## Activity
Start the copy at the line containing "东风汽车强调此举是积极响应国务院《保障中小企业款项支付条例》的重要举措。" and run it through the last line of the records. Repeat each line exactly; omit pictures.

(Data entries)
- - - - -

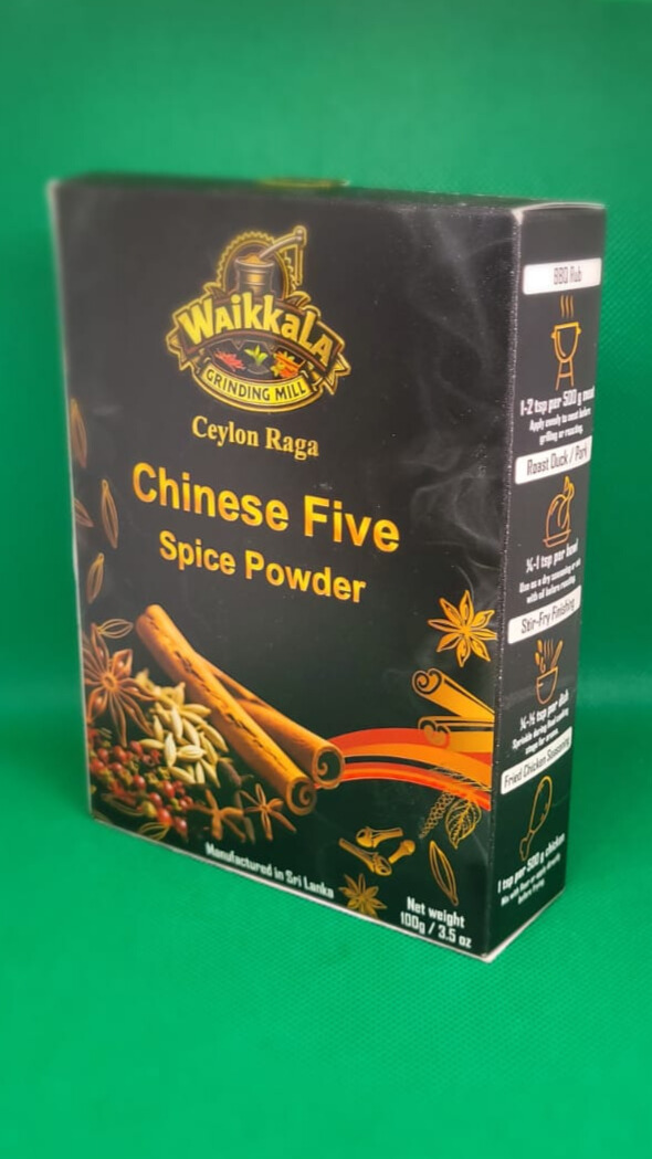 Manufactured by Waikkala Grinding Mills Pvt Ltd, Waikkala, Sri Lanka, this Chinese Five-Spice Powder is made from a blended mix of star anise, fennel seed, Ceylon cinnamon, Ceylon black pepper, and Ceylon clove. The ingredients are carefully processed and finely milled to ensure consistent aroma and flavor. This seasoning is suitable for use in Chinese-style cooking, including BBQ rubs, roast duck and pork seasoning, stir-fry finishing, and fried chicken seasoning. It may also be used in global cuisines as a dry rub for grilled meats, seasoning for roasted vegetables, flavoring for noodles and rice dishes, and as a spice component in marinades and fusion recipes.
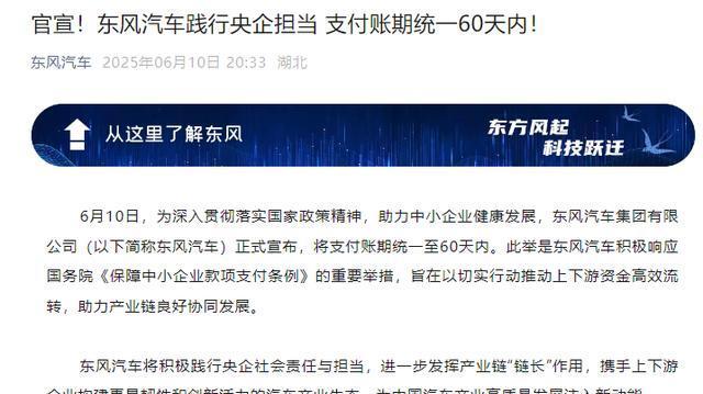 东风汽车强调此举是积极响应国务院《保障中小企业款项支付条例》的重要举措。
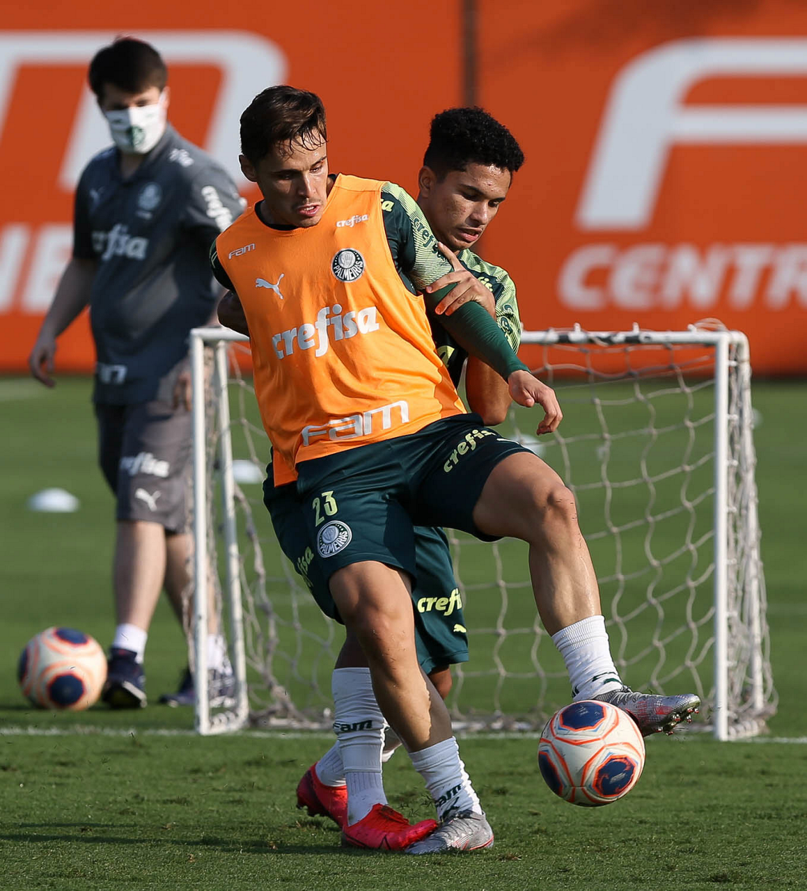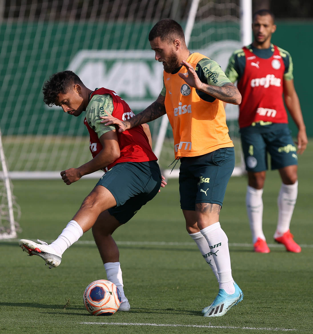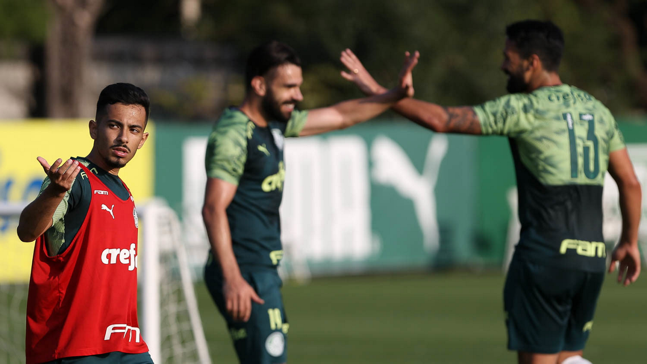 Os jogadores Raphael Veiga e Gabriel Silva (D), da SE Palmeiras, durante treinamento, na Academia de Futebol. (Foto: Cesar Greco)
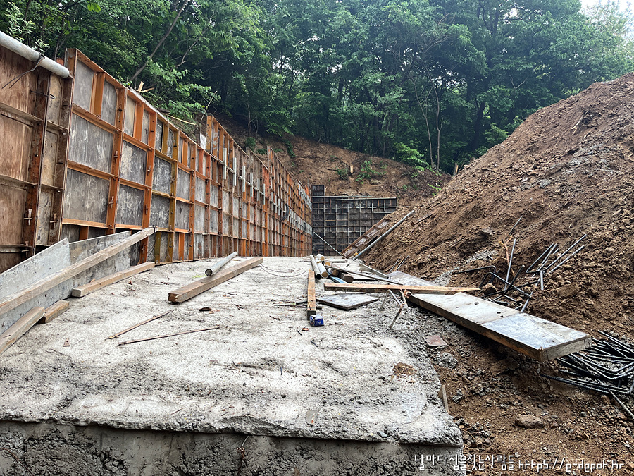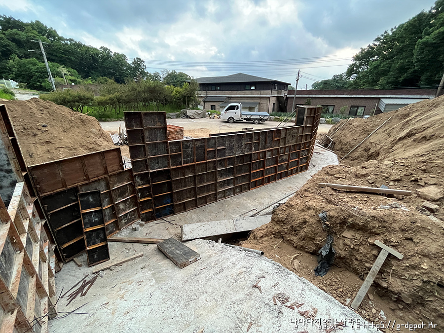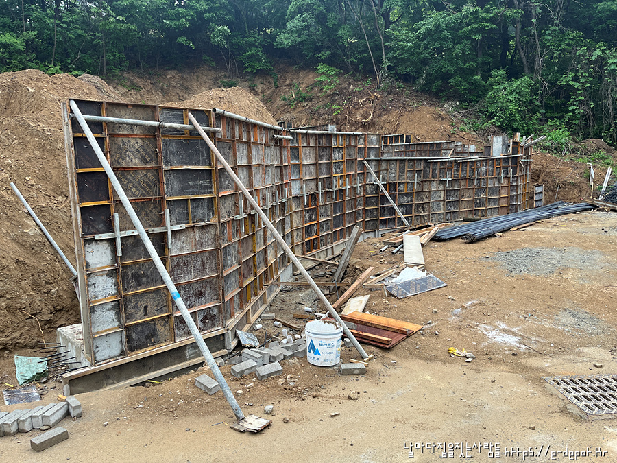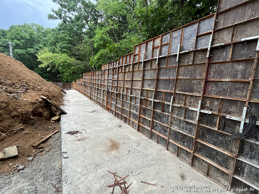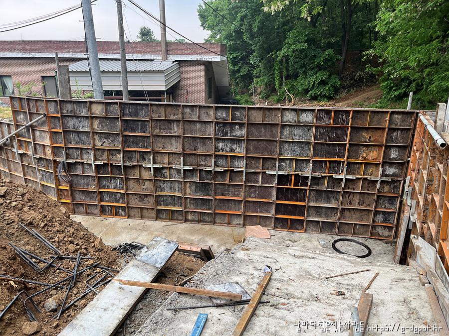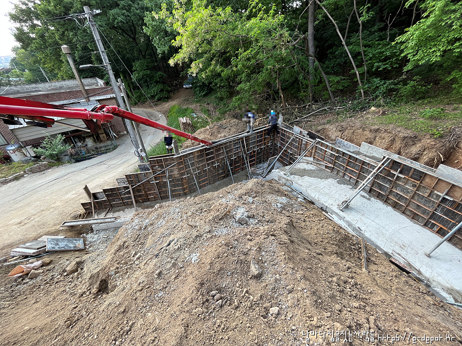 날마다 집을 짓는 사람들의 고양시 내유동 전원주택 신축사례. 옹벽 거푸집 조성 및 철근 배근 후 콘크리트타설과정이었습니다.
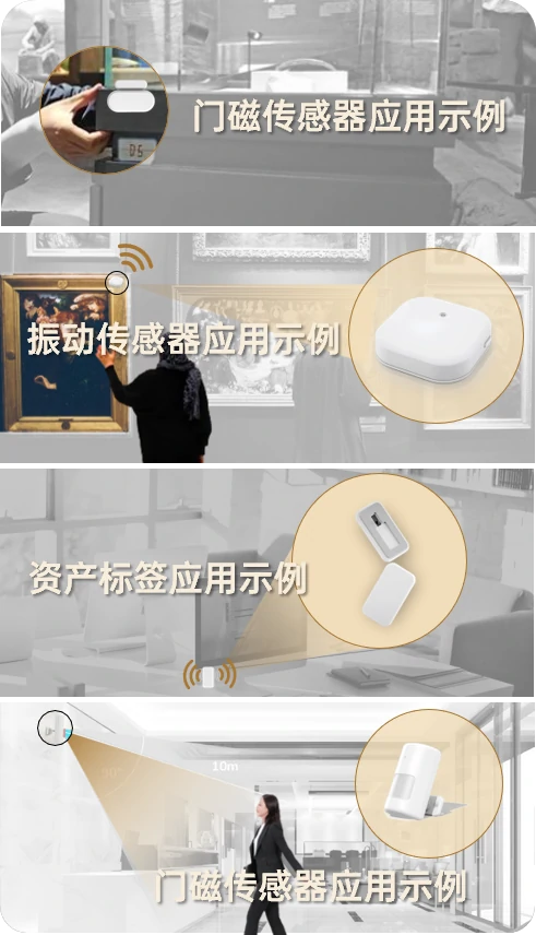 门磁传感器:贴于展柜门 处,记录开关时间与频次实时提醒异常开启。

- - - - -

## Reply
 东风汽车强调此举是积极响应国务院《保障中小企业款项支付条例》的重要举措。
 Os jogadores Raphael Veiga e Gabriel Silva (D), da SE Palmeiras, durante treinamento, na Academia de Futebol. (Foto: Cesar Greco)
 날마다 집을 짓는 사람들의 고양시 내유동 전원주택 신축사례. 옹벽 거푸집 조성 및 철근 배근 후 콘크리트타설과정이었습니다.
 门磁传感器:贴于展柜门 处,记录开关时间与频次实时提醒异常开启。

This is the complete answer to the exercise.